ECLI:NL:RBDHA:2018:3383
Rechtbank Den Haag
- Eerste aanleg - enkelvoudig
- Rechtspraak.nl
Afwijzing asielaanvraag op grond van ongeloofwaardig asielrelaas en medische omstandigheden
Op 20 maart 2018 heeft de Rechtbank Den Haag uitspraak gedaan in de zaak van een Colombiaanse eiser die een verblijfsvergunning asiel voor bepaalde tijd had aangevraagd. De aanvraag werd afgewezen door de Staatssecretaris van Justitie en Veiligheid, omdat het asielrelaas van de eiser als ongeloofwaardig werd beschouwd. Eiser had aangevoerd dat hij vreest voor een drugsbende, nadat hij had afgezien van een opdracht om 10 kilo cocaïne naar Nederland te smokkelen. De rechtbank oordeelde dat, hoewel de identiteit en nationaliteit van de eiser geloofwaardig waren, de problemen die hij zou ondervinden van de drugsbende niet overtuigend waren aangetoond. De rechtbank merkte op dat de verklaringen van de eiser tegenstrijdig waren en dat hij niet aannemelijk had gemaakt dat hij zich in een levensbedreigende situatie bevond, wat een schending van artikel 3 van het EVRM zou opleveren.
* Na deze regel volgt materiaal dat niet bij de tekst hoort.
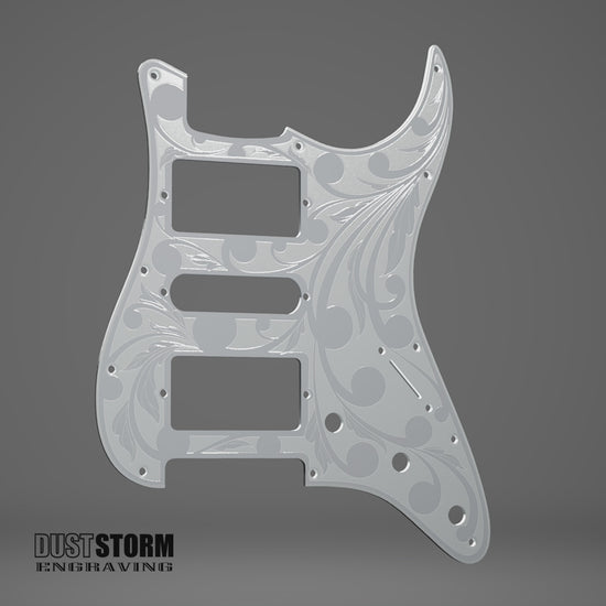 Engraved Pickguard & Free Tremolo Cover in Glossy Acrylic White Design #2 for Fender Stratocaster HSH, HSS, SSS Setups Available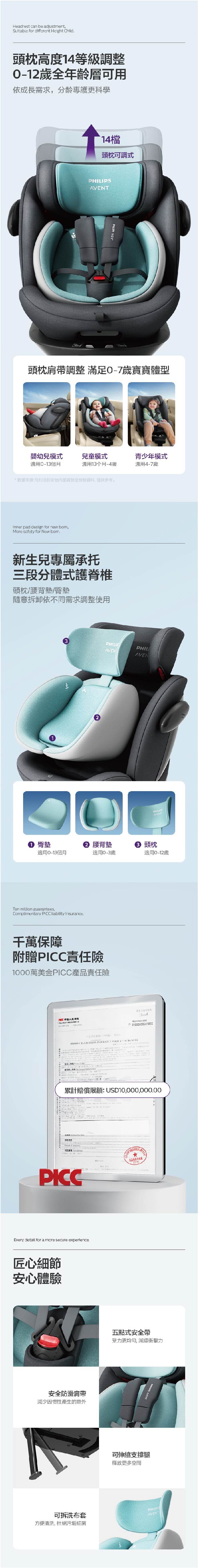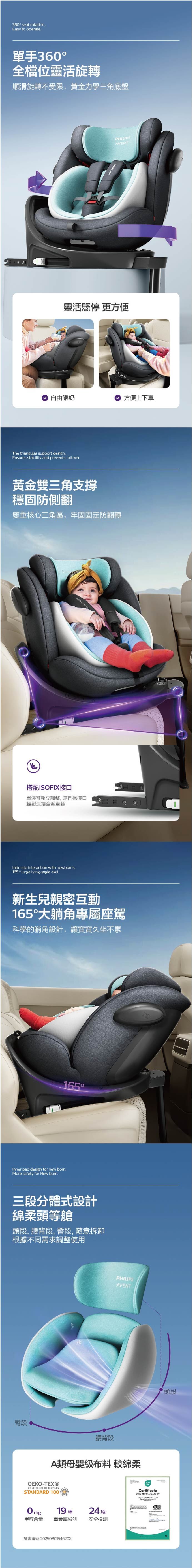 • 適用身高40-150cm,最大承重36kg,支援雙向安裝與雙向旋轉,方便隨需切換,並具14段頭枕調節和多重貼心設計

Tijdens de zitting op 2 maart 2018 was de eiser aanwezig, bijgestaan door zijn gemachtigde, en werd er een tolk ingeschakeld. De rechtbank concludeerde dat de Staatssecretaris terecht had geoordeeld dat de asielaanvraag ongegrond was. De rechtbank vond het bevreemdend dat de eiser, die beweerde te vrezen voor de drugsbende, zich toch bereid had verklaard om een grote hoeveelheid cocaïne te smokkelen. Ook de medische omstandigheden van de eiser, die eerder aan kanker was geopereerd, werden niet als voldoende zwaarwegend beschouwd om een uitzondering te maken op de afwijzing van de asielaanvraag. De rechtbank verklaarde het beroep ongegrond en er werd geen proceskostenveroordeling opgelegd.